Joseph Corbin--whose delicacy keeps him from appearing among these mourners--comes here to bury all differences, all animosities, all petty passions?
Because he is a son of the South; because as a son of the South, as the representative, and a distant connection, I believe, of my old political friend, Major Corbin, of Nashville, he wishes here and everywhere, at this momentous crisis, to sink everything in the one all-pervading, all-absorbing, one and indivisible UNITY of the South in its resistance to the Northern Usurper! That, my friends, is the great, the solemn, the Christian lesson of this most remarkable occasion in my professional, political, and social experience." Whatever might have been the calmer opinion, there was no doubt that the gallant Colonel had changed the prevailing illogical emotion of Pineville by the substitution of another equally illogical, and Miss Sally was not surprised when her father, touched by the Colonel's allusion to his daughter's epistolary powers, insisted upon bringing Joseph Corbin home with him, and offering him the hospitality of the Dows mansion.

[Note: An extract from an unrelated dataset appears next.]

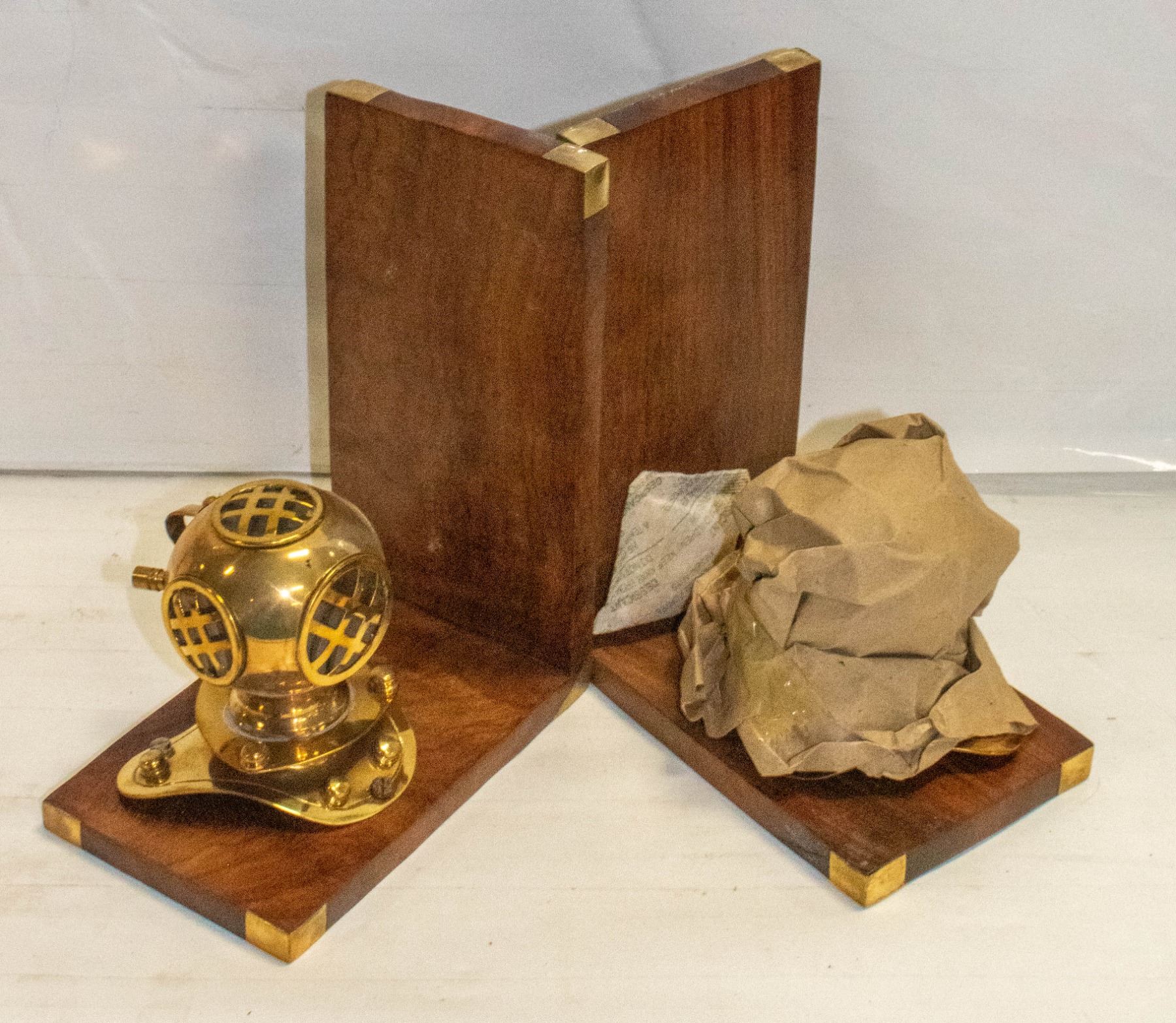 WOOD BRASS SHIPS WHEEL BOOKENDS

Although the stranger seemed to yield rather from the fact that the Dows were relations of the Jeffcourts than from any personal preference, when he was fairly installed in one of the appropriately gloomy guest chambers, Miss Sally set about the delayed work of reconciliation--theoretically accepted by her father, and cynically tolerated by her Aunt Miranda.

But here a difficulty arose which she had not foreseen.